Le panchine semi smontate, nella piazza centrale.

“Esci di casa? Io ti tolgo la panchina in piazza”: l’iniziativa dell’amministrazione

Gli operai incaricati dal municipio hanno lasciato soltanto gli scheletri metallici delle panchine, come deterrente ad assembramenti

SANNICOLA – Ancora tanti cittadini non ne vogliono sapere di attenersi agli obblighi imposti dal decreto della Presidenza del consiglio dei ministri, per contenere la diffusione del Coronavirus. In giro con un alibi sempre pronto, nonostante le raccomandazioni di noti epidemiologi, non li fermano neppure le denunce penali che, a centinaia, stanno fioccando su tutto il Salento da parte delle forze dell’ordine. Allora entrano in campo anche alcune scelte degli amministratori. Grottesche ma, si spera, utili. L’ultima, in ordine di tempo, arriva da Sannicola, dove questa mattina i dipendenti del Municipio hanno smontato le panchine di Piazza della Repubblica, per evitare assembramenti. Di anziani, più che altro, avvezzi a chiacchierare durante le ore di sole.

Della serie: “Ve la tolgo quella panchina”. Un operaio incaricato dall’amministrazione ha così sfilato le sedute e gli schienali, lasciando soltanto gli scheletri metallici delle vecchie strutture. A mo’ di deterrente sono stati anche affissi i nastri biancorossi, tipicamente usati per i sigilli, per scoraggiare i cittadini a sedersi. Ma pur volendo, ovviamente, non potrebbero più farlo. La scelta dell’ente locale non è la sola.

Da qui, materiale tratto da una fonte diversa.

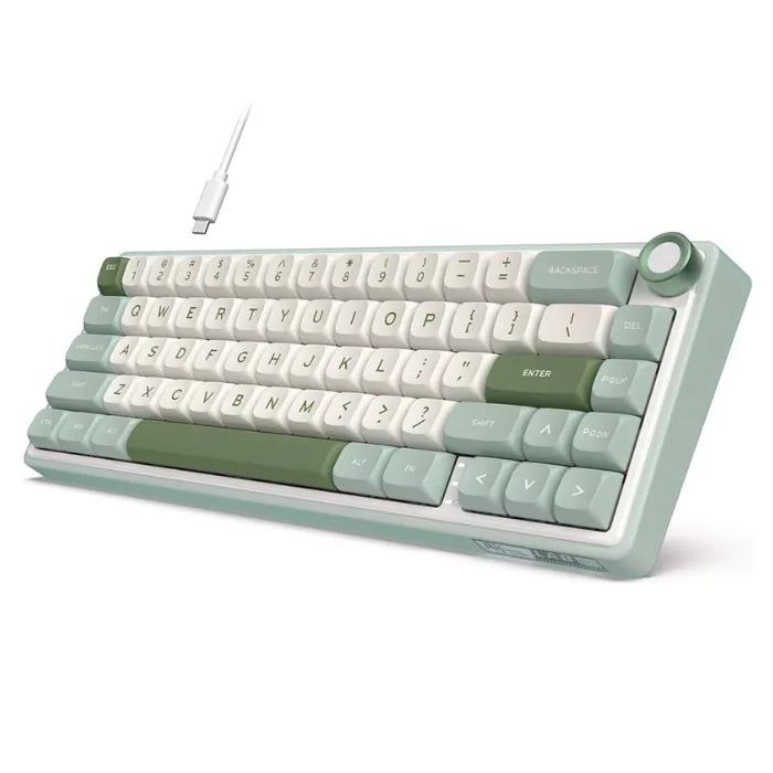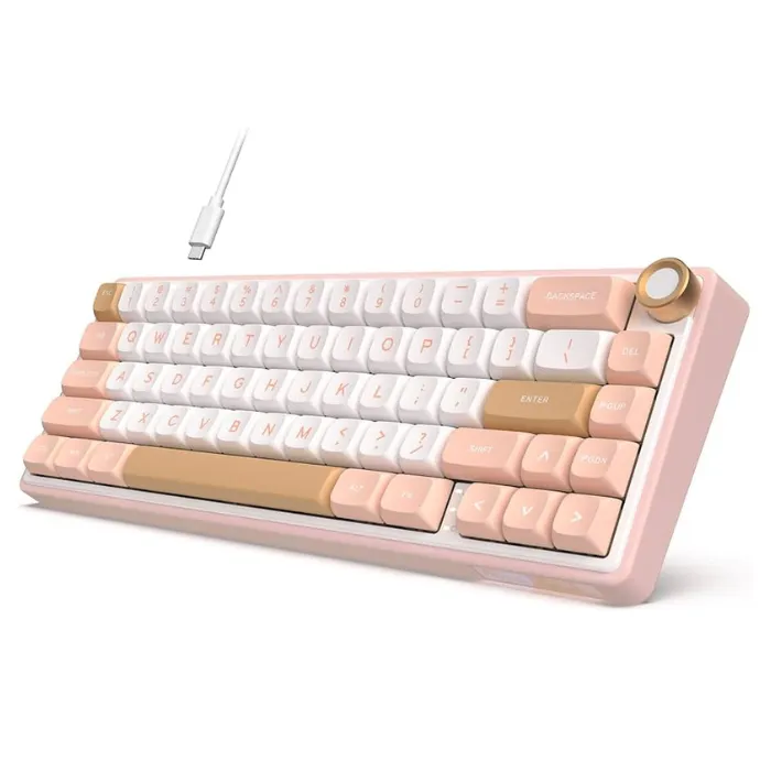 - Ultra-compact 65% layout (68 keys) – arrow keys + Del/Home/End/PgUp/PgDn included

Altri amministratori, come a Nardò, hanno optato per decisioni impopolari e inconsuete. Il municipio neretino ha infatti persino “chiuso” il lungomare, il mare stesso e il Parco di Porto Selvaggio per scoraggiare scampagnate e ritrovi collettivi.

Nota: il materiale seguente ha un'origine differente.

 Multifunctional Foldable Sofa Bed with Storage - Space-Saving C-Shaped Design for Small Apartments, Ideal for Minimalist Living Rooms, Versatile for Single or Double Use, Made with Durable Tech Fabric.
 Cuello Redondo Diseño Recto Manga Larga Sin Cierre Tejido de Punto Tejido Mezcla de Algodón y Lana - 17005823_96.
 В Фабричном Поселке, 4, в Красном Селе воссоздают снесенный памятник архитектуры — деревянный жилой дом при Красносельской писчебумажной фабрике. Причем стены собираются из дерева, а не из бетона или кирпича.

I social network, inoltre, hanno funto da cassa di risonanza per un messaggio audio, divulgato dal primo cittadino di Ruffano: con l’inno di Mameli come sfondo sonoro, il sindaco ha invitato la propria cittadinanza a rispettare una regola, quella del “nessuno incontri nessuno”. Ma sono soltanto alcune delle iniziative intraprese a livello locale. Se la quarantena collettiva dovesse protrarsi, facendo slittare la scadenza prevista  per il 3 aprile, certamente assisteremo ad altre, insolite (e buffe) iniziative nei vari comuni del Salento.